Force Estimation Methods#

  • What are the key assumptions behind the Minikin method for estimating wave pressure and force?

  • How does the Goda method incorporate wave angle and overtopping effects that the Minikin method does not?

  • Why is wall angle correction applied in the Minikin method but not explicitly in the Goda method?

Structural Interaction#

  • How does the depth at the toe \(( d_s \)) affect the magnitude of wave-induced forces and moments?

  • What role does the structure height play in determining overtopping and pressure distribution?

  • Why is the overturning moment a critical metric for structural stability?


Reflective Questions#

  • In what coastal scenarios might the Minikin method be more appropriate than the Goda method, and vice versa?

  • How would the results change if the structure were submerged or if the wave height exceeded the structure height significantly?

  • What are the limitations of using linear wave theory (Airy) in this context, especially for high-energy wave events?

  • How could this model be extended to include dynamic wave loading or time-varying wave trains?

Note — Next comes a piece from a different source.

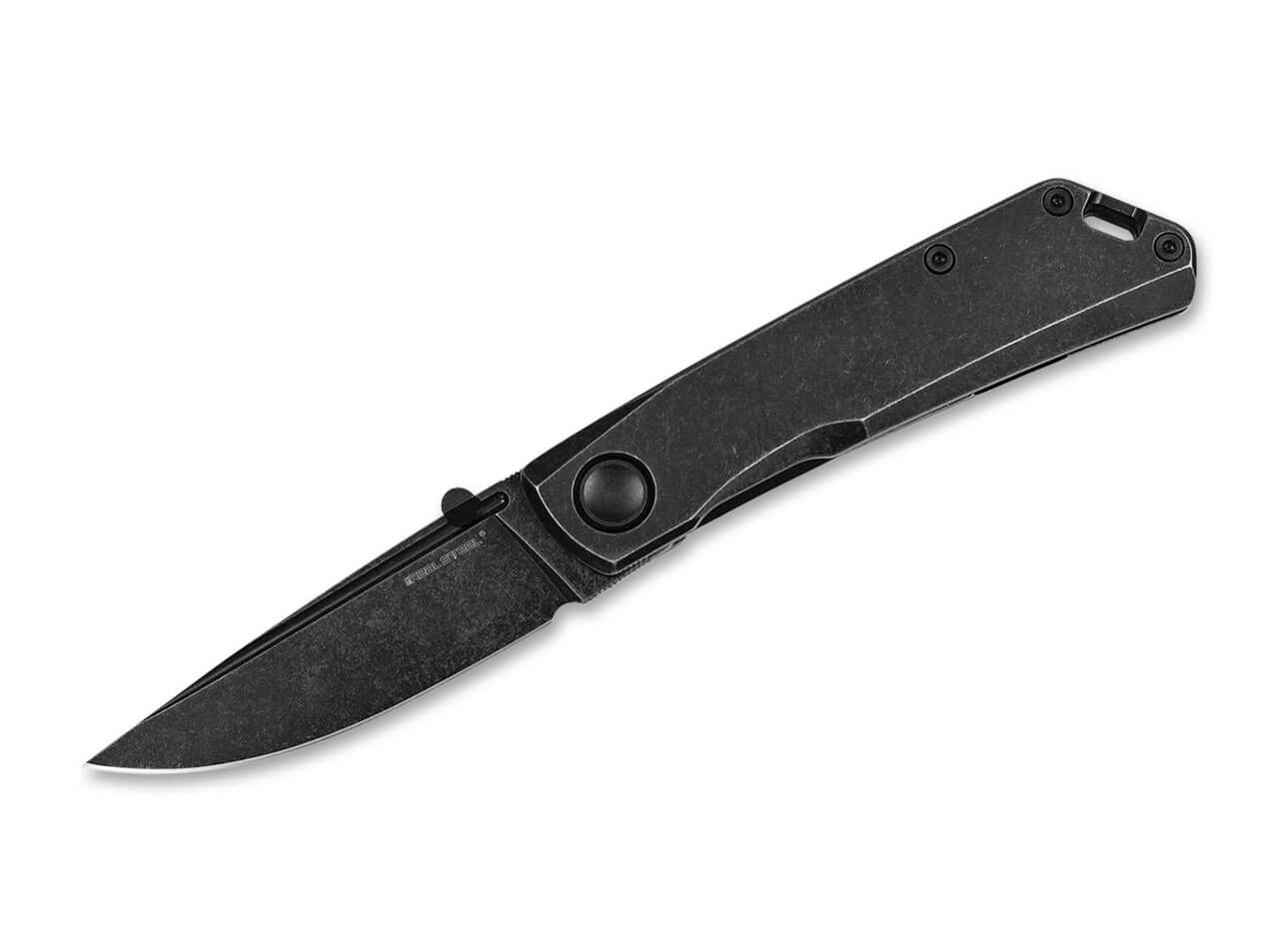 The smaller brother of the Real Steel Luna Boost is a sturdy and equally elegant EDC knife, which is made entirely of stainless steel and has a Black Stonewash finish. The Framelock folder with Böhler K110 blade in Beadblast finish opens either by nail cut or removable thumb pin, while the stainless steel handle offers flexible transport options through the Deep Carry Clip (Tip-up/r) and the safety strap eyelet.

  • What are the implications of assuming a constant seawater density and unit weight across all scenarios?


❓ Quiz Questions#

Multiple Choice#

  1. Which parameter most directly affects the wavelength in the dispersion relation?
    A. Breaker height \(( H_b \))
    B. Wave period \(( T \))
    C. Structure width
    D. Wall angle
    Answer: B

  2. In the Goda method, which factor reduces the pressure due to overtopping?
    A. Wall angle
    B. Beach slope
    C. \(( \lambda_{\text{overtop}} \))
    D. Structure width
    Answer: C

  3. The Minikin method calculates pressure using which of the following expressions?
    A. \(( \gamma H_b / ds \cdot (d_1 + ds)/L \))
    B. \(( \rho g H_b^2 / L \))
    C. \(( \gamma H_b \cdot \cos(\theta) \))
    D. \(( \gamma H_b / L \cdot \tan(\beta) \))
    Answer: A

True/False#

  1. The Goda method accounts for wave angle effects using cosine terms.
    Answer: True

  2. The Minikin method includes overtopping correction by default.
    Answer: False

  3. Increasing the wall angle reduces the resultant force in the Minikin method.
    Answer: True

Short Answer#

  1. Explain why the overturning moment is calculated as force × depth. What does this represent physically?
    Answer: It represents the torque exerted by wave forces about the base of the structure, which influences its rotational stability.

  2. How does increasing the beach slope affect the effective depth \(( d_1 \)) and wave loading?
    Answer: A steeper slope increases \(( d_1 \)), which can reduce wave steepness and alter pressure distribution.